День-ночь и еще день.
Сколько можно! Хватит уже.
– Хватит, ребята, передо́хнем, – говорит старший мастер.
Передохнем… Передохнем – это да. Мы отваливаемся от каната, как насосавшиеся пиявки. Отваливаемся и лежим. Никак не распрямить ладони. Только через пять минут кто-то из нас соображает, что можно закурить. Закуриваем.
Боже, как хорошо! Солнышко над нами. Припекает. Высыхает пот, натягивается кожа на лбу и скулах. Ветерком потянуло. Дымком. Сколько можно – так пролежать? Без конца. Зачем это надо – двигаться? Кто это выдумал?.. Человек создан для лежания. Так хорошо… Все гудит, ноет, переливается внутри. И, как в детстве, кто-то говорит за меня, какой-то Сережа…
– Толик, а Толик… – говорит Сережа.
– М-м-м…
– Совсем я заболел вроде. Вечером еще горло болело. А теперь совсем не могу. Сердце, слабость…
– Конечно, Сережа… Чего ж тебе тут мучиться. Раз болен. Ведь это сверх смены. Чего тебе мучиться. Раз слабость… Конечно, Сережа, иди домой. Чего уж мучиться.

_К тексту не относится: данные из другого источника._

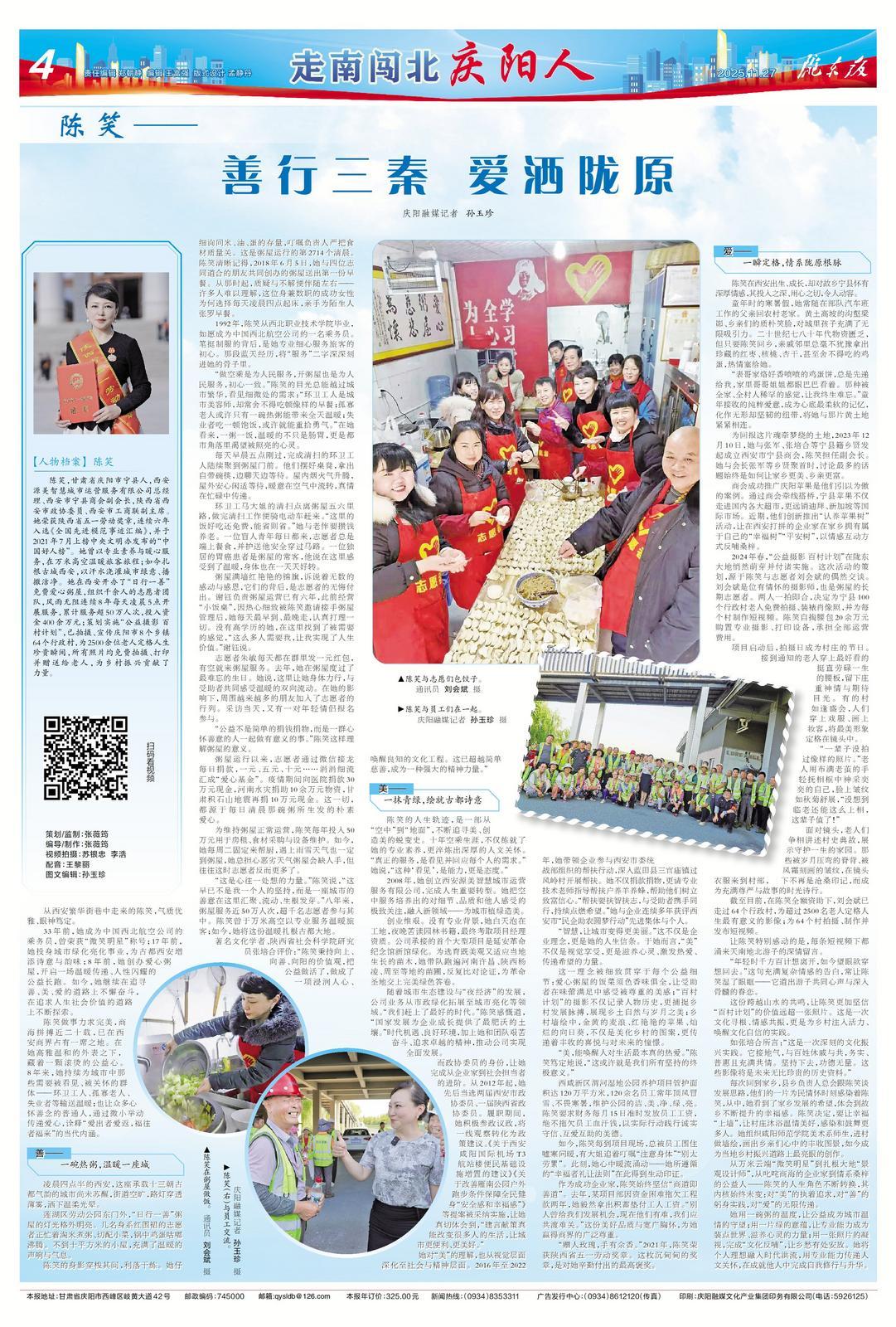 陳笑,甘肅省慶陽市寧縣人,西安源美智慧城市運營服務有限公司總經(jīng)理、西安市寧縣商會副會長,陜西省西安市政協(xié)委員、西安市工商聯(lián)副主席。她榮獲陜西省五一勞動獎章,連續(xù)六年入選《全國先進模范事跡匯編》,并于2021年7月上榜中央文明辦發(fā)布的“中國好人榜”。她曾以專業(yè)素養(yǎng)與暖心服務,在萬米高空溫暖旅客旅程;如今扎根古城西安,以汗水澆灌城市綠意、播撒潔凈。她在西安開辦了“日行一善”免費愛心粥屋,組織千余人的志愿者團隊,風雨無阻連續(xù)8年每天凌晨5點開展服務,累計服務超50萬人次,投入資金400余萬元;策劃實施“公益攝影 百村計劃”,已拍攝、宣傳慶陽市8個鄉(xiāng)鎮(zhèn)64個行政村,為2500余位老人定格人生珍貴瞬間,所有照片均免費拍攝、打印并贈送給老人,為鄉(xiāng)村振興貢獻了力量。

– Да, пожалуй, – говорит Сережа, – а то очень уж горло болит.
– Иди, иди, Сережа… Только старшому скажи.
Но я почему-то не подхожу к старшому и не говорю, что болен. Все собираюсь – и не иду.
Так сладко… Так расслабиться – это еще надо суметь. Вот так бы и лежать…
– А ну, ребятки, хватит, отдохнули. Передохнули и еще наддадим.
Уже целый сантиметр выполз. Если мы еще так наддадим – еще выползет.
В эту минуту я ненавижу мастера… Ну и морда!
Трень-бом! Трень-бом!
И сколько ни колоти – хорошо, вылезет на сантиметр. А то и того нет. Но мастер говорит: хорошо идет. Главное – нельзя останавливаться. Еще немного, а там само пойдет. Словно кто-то держит снаряд на глубине двести метров. Называется это прихват. Вот если сейчас мы не выколотим снаряд бабой, то уже ничем не поможешь… Ну, еще немного, ребятки… А там само пойдет.
Трень-бом! Вверх-вниз!
Раз-два! Разогнись-согнись.
Ай да баба!
Ну и баба…
Это баба.
Баба-баба.
Трень-бом-баба!
Бим-бом-баба!
Ну и ну! Можно же так уходиться. Дальше некуда. Откуда только силы берутся… Передохнем – а ну, еще раз! Перекурить – а ну, нажмем!
Перекури – отставить! Перекури – отставить!
Разойдись!
Разойдись – постройся. Разойдись – постройся!
«У каждого человека есть свой запас силы и еще НЕМНОЖКО».
Говорят, работа – это фронт.
Р-разойдись!!!
Этого уже не могло произойти… Ночь, день и еще ночь мы колотили бабой. Миллиметр за миллиметром выползал из скважины снаряд. Кто-то, кто держал его внизу, на глубине двести метров, не хотел отдавать нам даже этих жалких миллиметров. Мы уже забыли смысл нашей работы: нас толкала вперед злость на «того, кто держит». Он не хотел отдавать нам своих богатств. Он их глубоко запрятал. А мы вырывали у него из рук. Миллиметр за миллиметром.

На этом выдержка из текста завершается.